When converting json to columns in R using jsonlite, I came across a bug where the column values were in the wrong columns. I tried replicating it -
R> dt <- data.table(id = 1:2,
json = c('{"user": "xyz2", "weightmap": "w1", "domains": "d1"}',
'{"weightmap": "w2", "user": "abcd", "domains": "d2"}'))
R> dt[,fromJSON(json),.(id)]
id user weightmap domains
1: 1 xyz2 w1 d1
2: 2 w2 abcd d2
From what I understand, jsonlite picks the keys from the first row and expects the json in all rows to be in the same order.
I also tried this with different datatypes. Eg. If weightmap
was a complex datastructure like a list or another nested json, it would fail saying the columns types are not consistent.
Is this expected behavior ? Should'nt it always read from the keys and split to cols ?
Is there a way to make jsonlite parse the json correctly ?
I wonder if this is a "bug" in data.table
, where it is internally treating each as a list
instead of a data.frame
with names that need to be aligned. We can force it this way:
dt[, c(.SD, rbindlist(lapply(json, jsonlite::fromJSON), use.names=TRUE))][, json := NULL][]
# id user weightmap domains
# <int> <char> <char> <char>
# 1: 1 xyz2 w1 d1
# 2: 2 abcd w2 d2
If there is any complexity, what happens depends on the structure. For example, if a weightmap
is a list, then
dt <- data.table(id = 1:2,
json = c('{"user": "xyz2", "weightmap": ["w1","w2"], "domains": "d1"}',
'{"weightmap": "w2", "user": "abcd", "domains": "d2"}'))

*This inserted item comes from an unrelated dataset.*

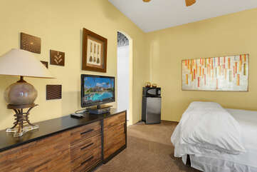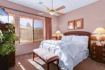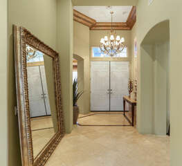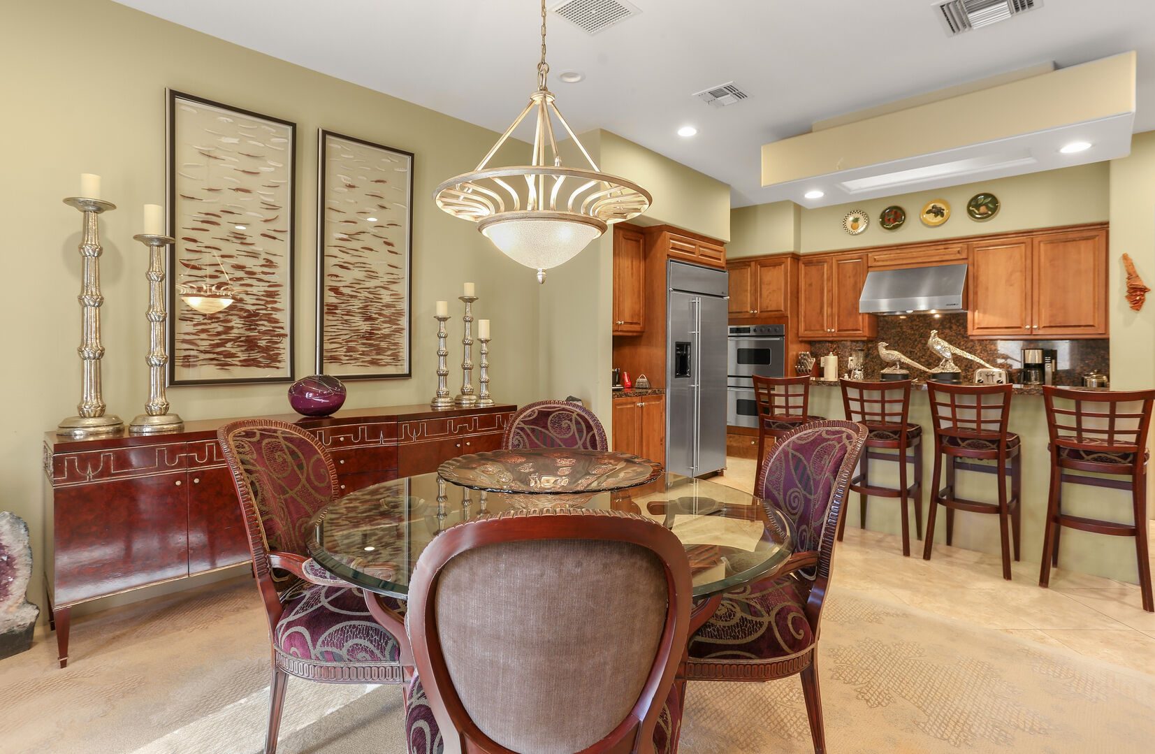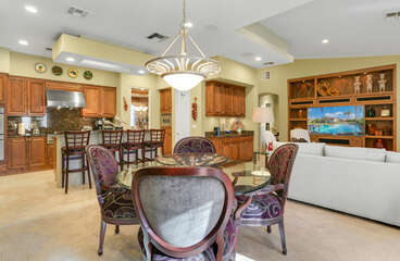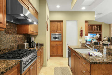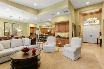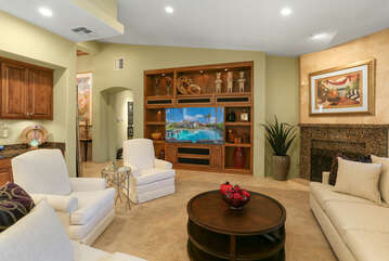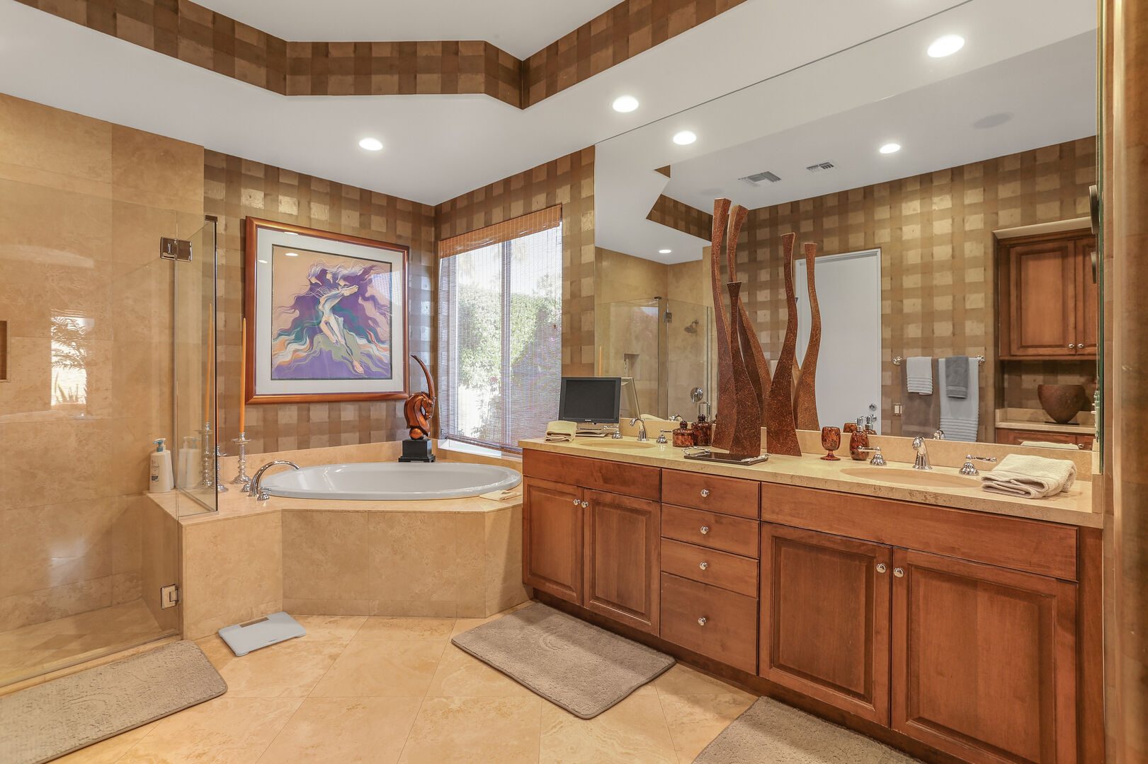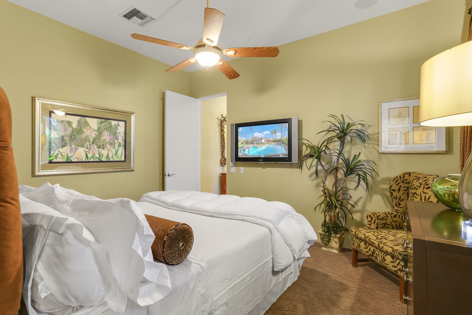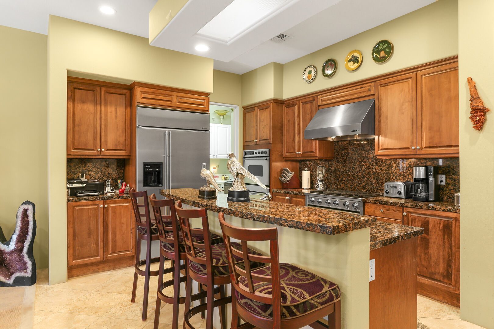 Welcome to Villa Sanorita This 4-bedroom, 4-bathroom, 3,052 square foot custom home on a 13k+ sq. ft. lot built in 2001, allows you to make your dreams come true when imagining a vacation home, away from home. Located in South Palm Springs, with 10-to-14-foot ceilings throughout, it does not just seem ginormous, but it actually is. Walking up the meticulously manicured pathway, you are greeted by the inviting exterior foyer, shielding extreme weather. Upon entering the extravagantly illuminated vestibule, one’s eyes are led upwards to the spacious vaulted ceilings of the open living concept which includes the large family living/dining areas, bar and Chef’s kitchen. In the family living/dining area, there are oodles of comfy seating for family and friends as you binge watch favorite Netflix shows on an 80” TV or play games (located in the living room cabinet). Enjoy conversing or sit back, relax, and enjoy the spectacular mountain views through walls of glass. There is a stunning gas log fireplace in the living room for all to enjoy.There are lots of dining seating options! The breakfast dining area seats 6 at the table with 4 chairs at the kitchen bar, a formal dining room with stunning cove ceilings and custom upholstered walls that seat 8. Out back on the loggia, there is another table that seats 4 for “al fresco” or “wet bathing suit” dining!The kitchen is made for preparing and sharing sumptuous meals together. With all granite surfaces and backsplash, a 6-burner commercial cook top, 2 convection ovens, a convection microwave, and a 2 door 48” refrigerator with ice maker in the door; the options will be endless. Be assured, there is enough cookware, dishes, drink ware, and flatware for 22 seated (including bar). There is also a large capacity dishwasher, which relieves the minds of those helping to clean up after those delectable meals. There are cool Travertine floors in the living areas with a large custom rug, to complete that “homey” feel of this special property.Now for the bedrooms, all of which have 650 thread count cotton bedding and bath linens. The Master Suite is jaw-droppingly beautiful! The double-door entrance has you waiting with anticipation for what comes next and you will not be disappointed. The King-sized bed, steep ceilings, custom paint, a 55-inch TV with full movie channels, and a fireplace with gas logs. Wait until you step into the enveloping master bath suite with a dressing area, dual sinks, a large, sparkling shower, and an enormous spa tub. It is everything!There are two other guest bedroom suites in the main house, both with King-sized beds. It works out perfectly when everyone gets their own bathroom. They also have their own TV’s with full movie channels- one is a 40-inch and the other is a 45-inch. All rooms throughout the house have custom window coverings, blackout draperies, bamboo shades and ceiling fans. Most bedrooms have mountain views. All bathrooms have custom made wallpapers which add to the warmth of the space.The structure is all on one level, the guest house has a separate entrance, attached to the main house however, but not accessible from inside the main house. The guest house has a Queen-sized bed, a 40” TV with all the movie channels, a mini fridge, a microwave, a breakfast nook, and a full bath with shower/tub combo. The large back yard is very private with high hedges. There is a large custom built “L” shaped pool that is 8 feet deep with a waterfall and a built-in Jacuzzi that both overflow into the pool. The loggia has the outdoor seating for 4, an additional love seat and 4 club chairs with granite side tables. The pool patio has 4 chaise lounges, and all outdoor hard surfaces are made of stamped concrete in a rock pattern. There are amazing mountain views from all backyard areas and plenty of grass, to enjoy family together time. All completely walled and gated.For your grilling needs, there is a propane gas, bar-b-que grill on the patio and a propane gas, outdoor heater for those cooler evenings. This property is nestled near the south end mountain ranges. The large driveway has space for 3 oversized vehicles. The maximum number of cars allowed at this property at any time is 4. Entry and exit can be done through the garage, however there are personal vehicles parked inside. There is an extra refrigerator in the garage with 2 ice makers to help minimize the number of trips needed for grocery shopping. Come and stay, get ready to delight all your senses. Your entire family and friends will want to create unforgettable memories at this unique home. Please, make your reservation today!Sorry, No Pets AllowedProperty Details:Built in 2001Approximately 3052 Square FeetLocated in Palm Springs5 TVs in the house:Netflix in Living Room OnlyPropane BBQ2 Fireplaces in house:Gas Logs in Master and Living RoomPrivate PoolJetted Hot TubLG Large Capacity Washer and DryerWi-FiLocal Phone Calls OnlyChildren OkSorry, No Pets Allowed3 Night Minimum1 Space Available in Garage, Owner keeps two cars permanently in the other two spacesOptional Pool & Spa Heating Available for an Additional CostTOT Permit #4004City ID # 4595 Room Configuration:Master: King + Flat Screen TV w/Cable only, all movie channelsGuest 1: King + Flat Screen TV w/Cable only. all movie channelsGuest 2: King + Flat Screen TV w/Cable only, all movie channelsGuest House Room: Queen + Flat Screen TV w/Cable only, all movie channels Bathroom Configuration:Master Bathroom: Shower and TubEnsuite Guest Bathroom 1: Shower Ensuite Guest Bathroom 2: Shower/Tub ComboEnsuite Guest House Bathroom: Shower/Tub ComboSorry, No Pets Allowed

dt[, c(.SD, rbindlist(lapply(json, jsonlite::fromJSON), use.names=TRUE))][, json := NULL][]
# Warning in as.data.table.list(jval, .named = NULL) :
# Item 1 has 2 rows but longest item has 3; recycled with remainder.
# Warning in as.data.table.list(jval, .named = NULL) :
# Item 2 has 2 rows but longest item has 3; recycled with remainder.
# id user weightmap domains
# <int> <char> <char> <char>
# 1: 1 xyz2 w1 d1
# 2: 2 xyz2 w2 d1
# 3: 1 abcd w2 d2
which achieves an "unnesting" (noisily).